|Place||Oceania: New Guinea|
|Object type||Medical equipment|
|Date made||February 1942|
Second World War, 1939-1945
Thermometer : Captain B H Peterson, Regimental Medical Officer, 2/7 Battalion
Japanese navy medical thermometer. The base of the tube has a pointed bulb containing mercury with the glass stem or small capillary tube running up the temperature scale. Graduations printed on front of internal plate span from 35 to 42 degrees with 10 increments between each degree. The reverse of the internal plate is printed with a red ship's anchor followed by Japanese text. Translation of the text reads 'Navy 1942 February'. Following this is printed what is probably the manufacturer 'KASIWAGI [triangle] MITAZIRI' and '1935' in italic script.
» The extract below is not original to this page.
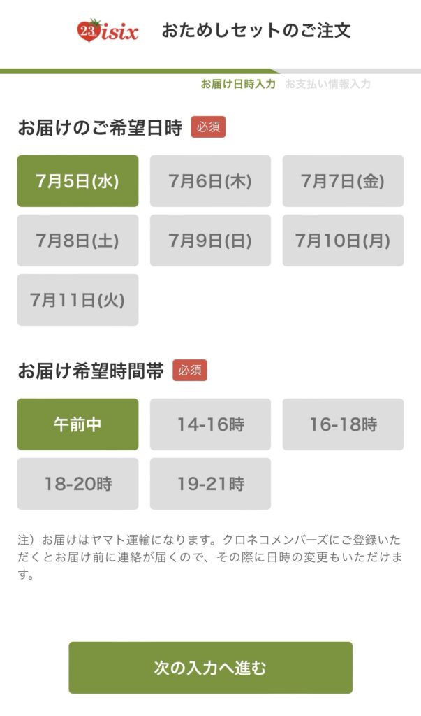 オイシックスの食材はヤマト運輸(クール便)でのお届けになります。おためしセット申込時に日にちや時間の指定ができますよ。

Related to the service of Captain Bruce Henry Peterson who was born in Greenwich NSW on 21 September 1918. On 25 July 1942, shortly after marrying Dorothy Katherine Spiers at Temora, the young doctor enlisted as captain NX77377 in the Australian Army Medical Corps and appointed Regimental Medical Officer to 2/7 Battalion.
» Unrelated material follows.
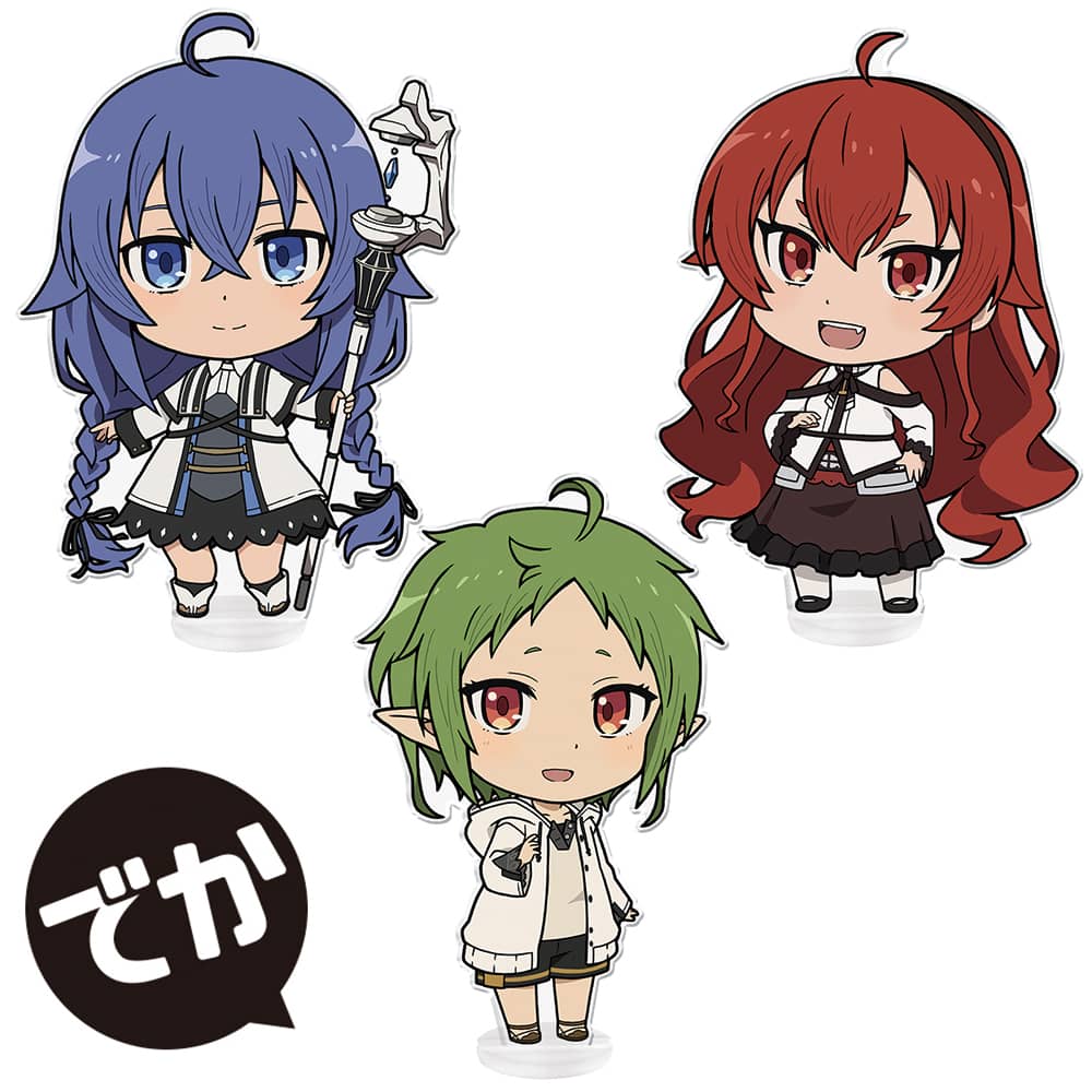 Estas son una serie de figuras acrílicas inspiradas en ilustraciones «Chbi» de Roxy Migurdia, Sylphiette y Eris Boreas Greyrat. Estas figuras tendrán un costo individual de 2.200 yenes (20 dólares aprox.) y todavía no hay información acerca de sus dimensiones.

Embarking on the 'Tasman' in Brisbane on 13 October, Peterson arrived with the battalion at Milne Bay on the 20th noting the low number of infectious disease cases during the voyage 'considering the crowded conditions'. The battalion moved to their camp near No 1 Air Strip on the 23rd and Peterson was called into service almost immediately when two members of another unit received serious injuries when a grenade they had found exploded unexpectedly.
Peterson's reputation for his care of wounded soldiers while under fire or imminent threat grew rapidly. At times he formed relay posts up tortuous tracks where '100 yards... was like a mile'. By August 1943 newspapers reported on Peterson who 'has come close to death dozens of times. At one time he was within 10 yards of the Japanese while applying a splint to a man with a broken leg'.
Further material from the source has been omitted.